Leaving out pictures, output exactly the lines below from the one that has "Pequeno vaqueiro no" through the one that has "Manta de hitos", and nothing else.

Information given.
=-=-=

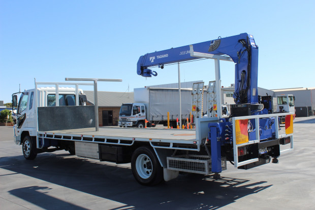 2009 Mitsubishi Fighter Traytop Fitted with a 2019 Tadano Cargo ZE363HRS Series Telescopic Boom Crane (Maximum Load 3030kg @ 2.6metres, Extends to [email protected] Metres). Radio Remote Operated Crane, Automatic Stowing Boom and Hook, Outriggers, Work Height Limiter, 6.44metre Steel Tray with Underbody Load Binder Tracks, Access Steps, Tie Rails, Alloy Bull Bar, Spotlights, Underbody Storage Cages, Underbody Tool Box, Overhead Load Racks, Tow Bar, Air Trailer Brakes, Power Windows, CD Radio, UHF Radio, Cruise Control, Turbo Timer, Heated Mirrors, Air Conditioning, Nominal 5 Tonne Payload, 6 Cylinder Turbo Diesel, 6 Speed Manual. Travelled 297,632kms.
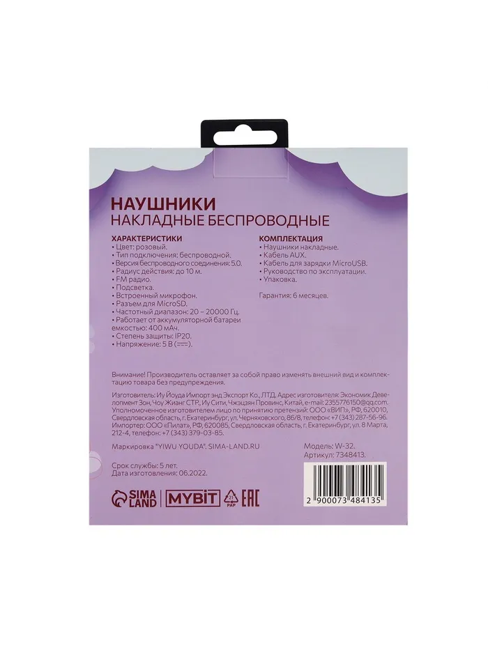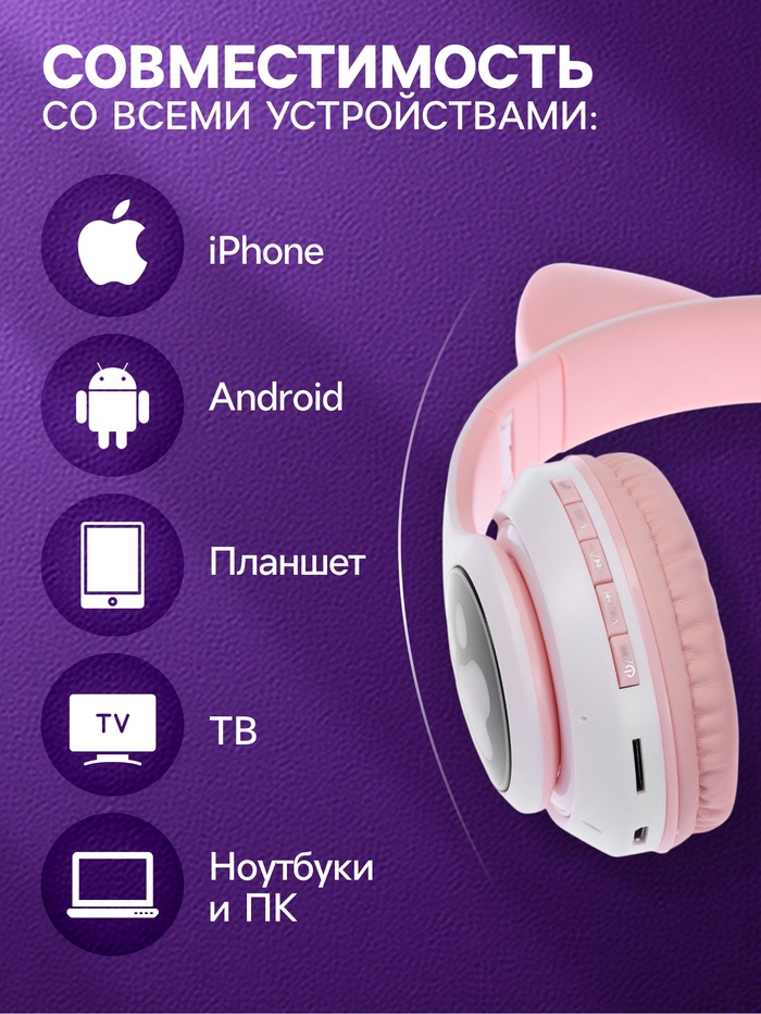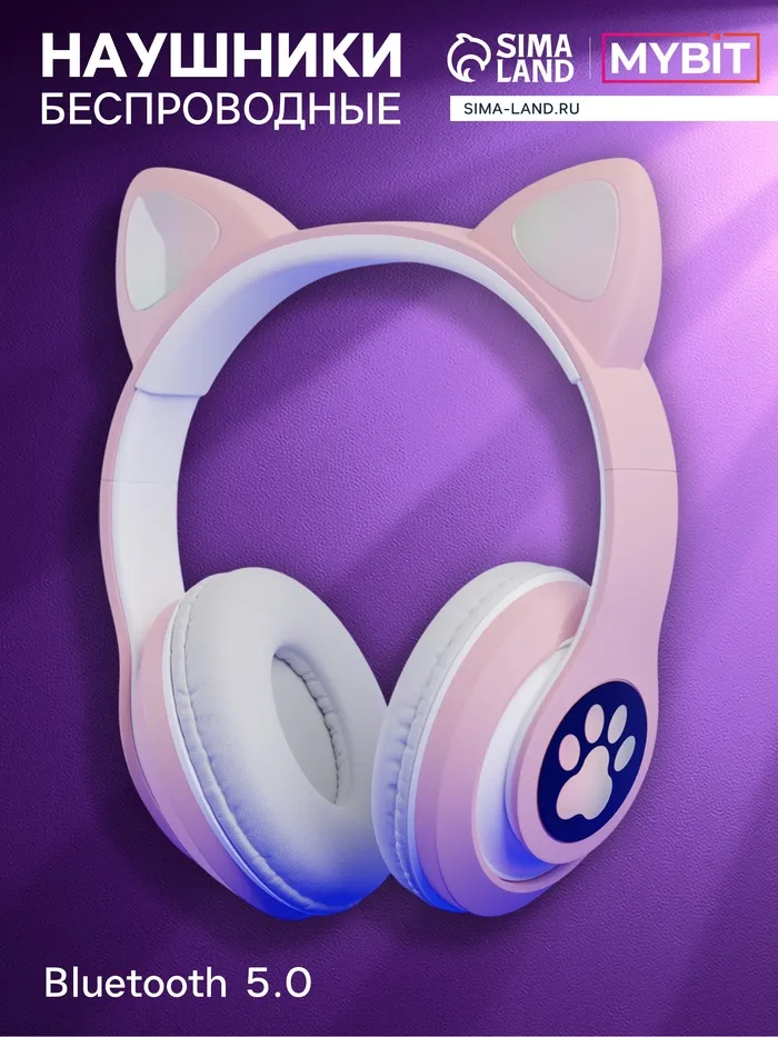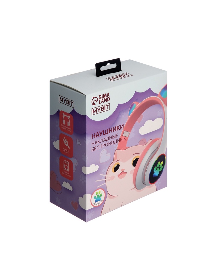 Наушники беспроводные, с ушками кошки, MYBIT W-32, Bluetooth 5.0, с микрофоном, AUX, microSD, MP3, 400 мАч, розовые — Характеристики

=-=-=

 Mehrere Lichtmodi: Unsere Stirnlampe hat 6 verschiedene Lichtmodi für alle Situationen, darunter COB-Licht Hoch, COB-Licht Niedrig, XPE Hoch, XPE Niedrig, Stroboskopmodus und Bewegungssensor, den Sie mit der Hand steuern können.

=-=-=

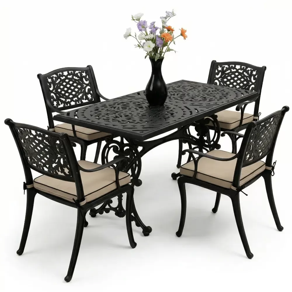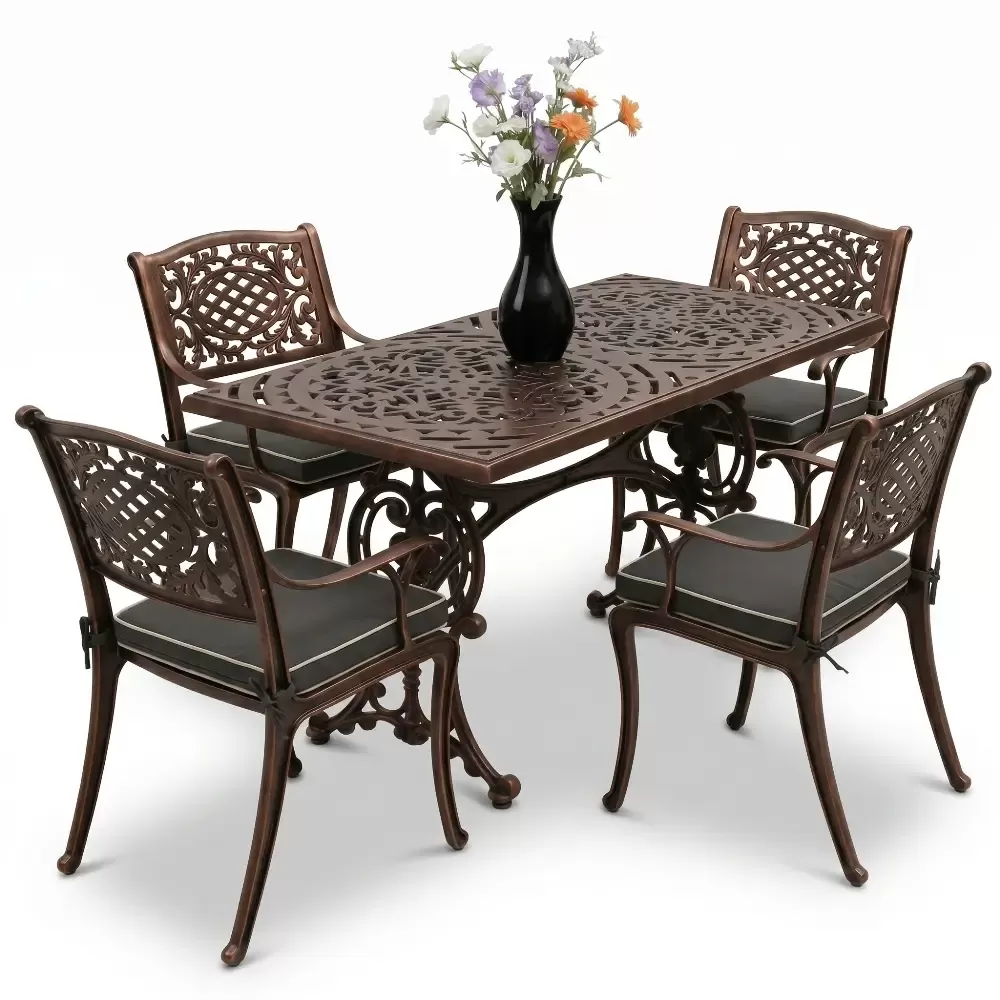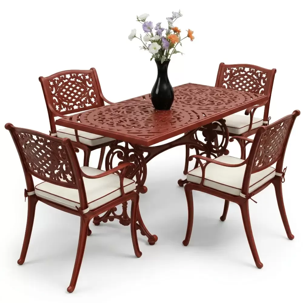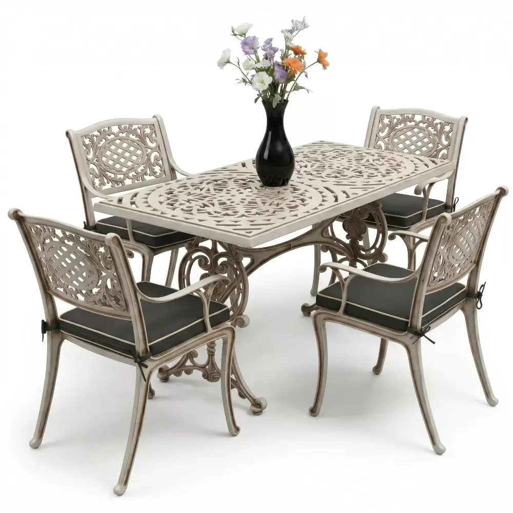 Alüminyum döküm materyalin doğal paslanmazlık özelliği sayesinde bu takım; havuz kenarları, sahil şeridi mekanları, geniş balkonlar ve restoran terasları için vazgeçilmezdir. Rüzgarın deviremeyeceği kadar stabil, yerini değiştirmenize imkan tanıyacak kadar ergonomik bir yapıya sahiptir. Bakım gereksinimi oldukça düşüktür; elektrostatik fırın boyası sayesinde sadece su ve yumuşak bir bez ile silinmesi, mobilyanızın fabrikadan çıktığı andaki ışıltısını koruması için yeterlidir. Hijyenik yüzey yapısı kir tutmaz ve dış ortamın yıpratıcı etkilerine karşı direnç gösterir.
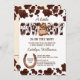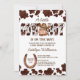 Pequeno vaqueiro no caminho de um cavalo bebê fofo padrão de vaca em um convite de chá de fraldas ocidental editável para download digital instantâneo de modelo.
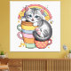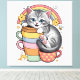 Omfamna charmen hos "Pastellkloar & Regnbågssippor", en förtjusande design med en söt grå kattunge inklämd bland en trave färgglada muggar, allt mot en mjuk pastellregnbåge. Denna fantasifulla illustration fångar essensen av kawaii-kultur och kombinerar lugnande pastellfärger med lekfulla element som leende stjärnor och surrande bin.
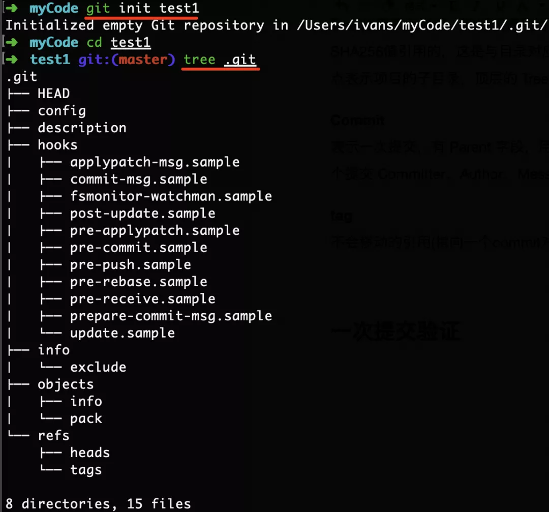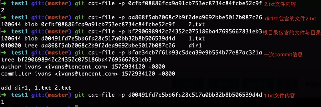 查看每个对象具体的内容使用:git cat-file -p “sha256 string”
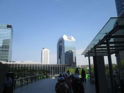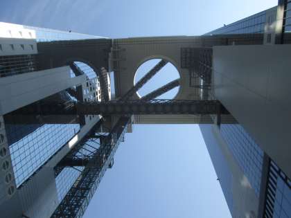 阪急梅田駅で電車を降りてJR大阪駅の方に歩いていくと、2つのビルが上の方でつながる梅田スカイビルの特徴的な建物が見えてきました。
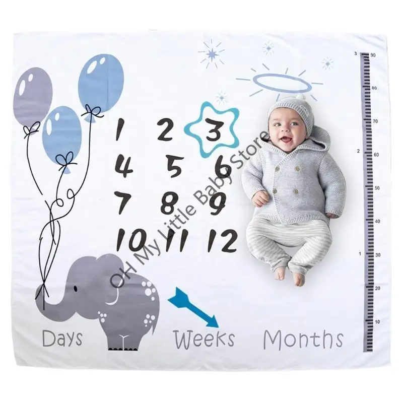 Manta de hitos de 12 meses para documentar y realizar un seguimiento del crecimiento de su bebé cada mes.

=-=-=

Answer for this exercise.
 Pequeno vaqueiro no caminho de um cavalo bebê fofo padrão de vaca em um convite de chá de fraldas ocidental editável para download digital instantâneo de modelo.
 Omfamna charmen hos "Pastellkloar & Regnbågssippor", en förtjusande design med en söt grå kattunge inklämd bland en trave färgglada muggar, allt mot en mjuk pastellregnbåge. Denna fantasifulla illustration fångar essensen av kawaii-kultur och kombinerar lugnande pastellfärger med lekfulla element som leende stjärnor och surrande bin.
 查看每个对象具体的内容使用:git cat-file -p “sha256 string”
 阪急梅田駅で電車を降りてJR大阪駅の方に歩いていくと、2つのビルが上の方でつながる梅田スカイビルの特徴的な建物が見えてきました。
 Manta de hitos de 12 meses para documentar y realizar un seguimiento del crecimiento de su bebé cada mes.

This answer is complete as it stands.